Results: VC, FVC and FEV1 in photocopy and printing workers were lower than the unexposed group of which these differences for FVC and FEV1 were statistically significant (P<0.05). Moreover, the prevalence of all respiratory symptoms, except the shortness of breath, in exposed group was more than the unexposed group and the prevalence of coughing and wheezing was statistically significant (P<0.05). There was a significant difference in respiratory symptoms (cough and wheezing) between two groups after controlling for confounding variables, OR: 2.61 (95% CI: 1.21, 5.62) and 2.92 (95% CI: 1.25, 6.84), respectively.

Conclusions: The prevalence of excess respiratory symptoms along with pattern of pulmonary restrictive sings in photocopy and printing workers revealed that the workplace conditions can result in occupational respiratory diseases.

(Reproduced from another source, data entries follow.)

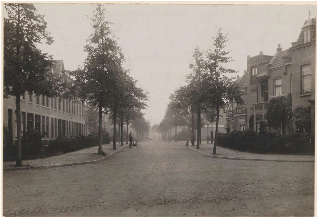
1920 Willemstraat met rechts Willemstraat 1-9
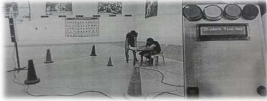
شكل (1) يوضح جهاز سرعة الاستجابة الحركية

2-4-2 اختبار مهارة استقبال الارسال: (علي مصطفى طه ، 1999 ، ص 185)
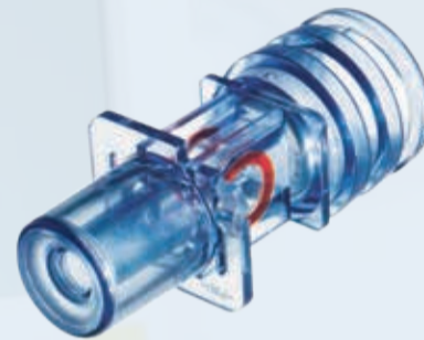
Chambre de mesure de CO 2 réutilisable - Pédiatrique

La chambre de mesure du CO 2 se place au sein du circuit patient entre la pièce en Y et le tuyau. Un capteur de CO 2 peut être connecté à la chambre de mesure. Le mélange gazeux est évalué en permanence par le capteur de CO 2 connecté et sa valeur est affichée à l'écran du ventilateur.
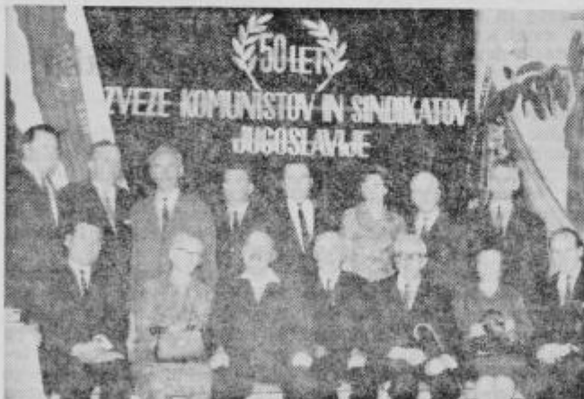
Prejeli so odlikovanja predsednika Tita
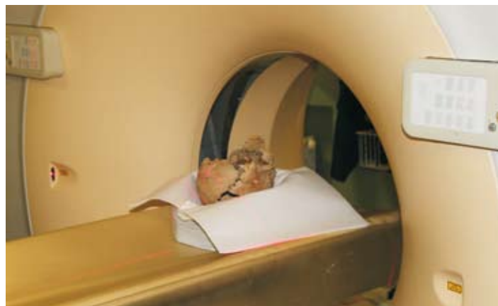
Cranium „vampýra Tobiáše“ na pracovišti spirální CT v liberecké nemocnici.

ření ve Švýcarsku a v jihozápad- ním Německu v osmdesátých le- tech 20. století (města Konstanz, Zürich, Freiburg im Breisgau, Rott- weil, Winterthur, Regensburg, Ulm a Zurzach). V devadesátých letech 20. století byla s výbornými vý- sledky prozkoumána městská jádra v sousedním Sasku (Dresden, Lei- pzig, Crimmitschau). V Čechách můžeme navázat na výsledky prů- zkumů Mostu, Plzně či Žatce a do-
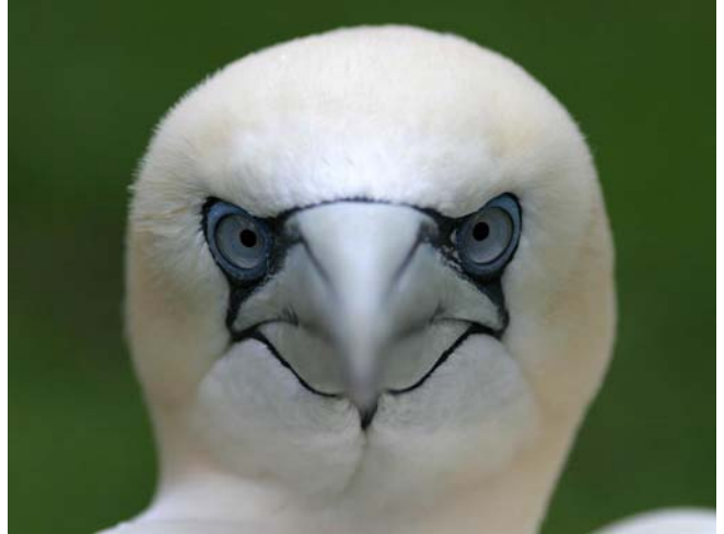
Fou de Bassan Morus bassanus (Gannett), Pont de Gau, 22/03/04.

Marseille-13 : 1 ad, bagué vraisemblablement en Angleterre, fréquente les bateaux du port de la Pointe Rouge et commence à construire un nid...depuis début
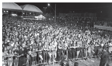
As quase 10 mil pessoas que usufruíram da inédita estrutura de segurança e organização além do conforto de arquibancadas, montada na Avenida Agripino Velasco de Castro na noite do dia 16, se divertiram com os shows de Hugo e Guilherme e depois com Bruno e Marrone
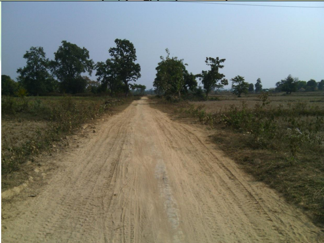
လုပ်ငန်းခွဲ၏မပြုလုပ်မီ မှတ်တမ်းဓာတ်ပုံ
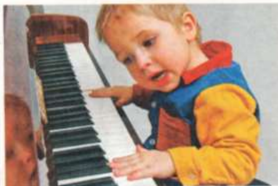
Eltern sollten so oft wie möglich mit ihren Kindern singen.
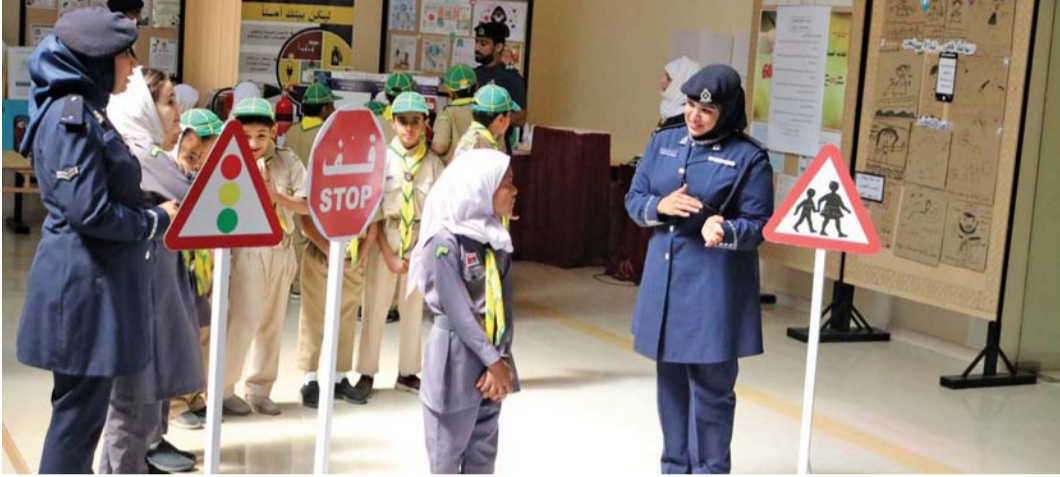
برامج توعية للطلبة في مجال السلامة المرورية

Keywords: Photocopy and Printing Workers, Pulmonary Function Indexes, Respiratory Symptom

Introduction

In recent decades, public concern about the adverse effects of indoor air quality on worker’s health has been noted. This growing concern is due to spending more than 90% of worker’s daily time in workplaces1. Furthermore, in most of the cases, concentrations of the indoor air pollutants are much higher than the outdoor ones2. As each worker spends one third of his lifetime at the workplaces, conditions at the workplaces can directly affect the worker's health3. Moreover, new electronic devices caused bad effect on health at indoor workplaces4.

Photocopiers, as inevitable and useful machines in offices, emit toner particulars, toxic gases including O3, NO2, non-ionizing radiation, particular matters, paper particles, nanoparticles and volatile organic compounds (VOCs)5, 6.

Photocopy staffs are potentially exposed to high concentrations of the photocopier emissions7. Katia Duarte et al. has introduced the photocopy rooms as VOC storage8. In Tehran, the least ratio of BTEX (Benzene, Toluene, Ethyl benzene and Xylene) in indoor/outdoor ratio (I/O) was about 421. These conditions can be due to the use of photocopiers as source of emission pollution. More than 60 kinds of different VOCs are emitted to the air during using the photocopiers1. VOCs can be emitted while toner combining and mixing and while heating the papers. Polymers and printer's electronic components can be named as other sources of pollution as well9.

VOC exposure can lead to acute and chronic effects on respiratory health, neurotoxicity, lung cancer, eye and throat irritations2. Hence, photocopy and printing centers are so important to be monitored because the workers spend hours working around the photocopiers10. Moreover, health complaints (especially about the respiratory system, nervous system and immune system) associated with occupational exposure to the photocopiers has been reported11. Several studies have resulted in the existence of a relationship between the chronic exposure to photocopier emissions and symptoms such as dyspnea, non-allergic rhinitis, sore throat, cough, asthma, allergic inflammation in respiratory tract, upper respiratory tract infections, skin and eye irritation, headache and sick building syndrome, etc2, 5,10, 11.

Related studies have reported a positive correlation between the use of a photocopiers and respiratory symptoms rate 2, 11. A study in Denmark has shown a relationship between airway inflammation and eye irritation in photocopier users12. Other similar studies have shown a positive correlation between working with photocopiers and airway irritations 2, 10, 12‏.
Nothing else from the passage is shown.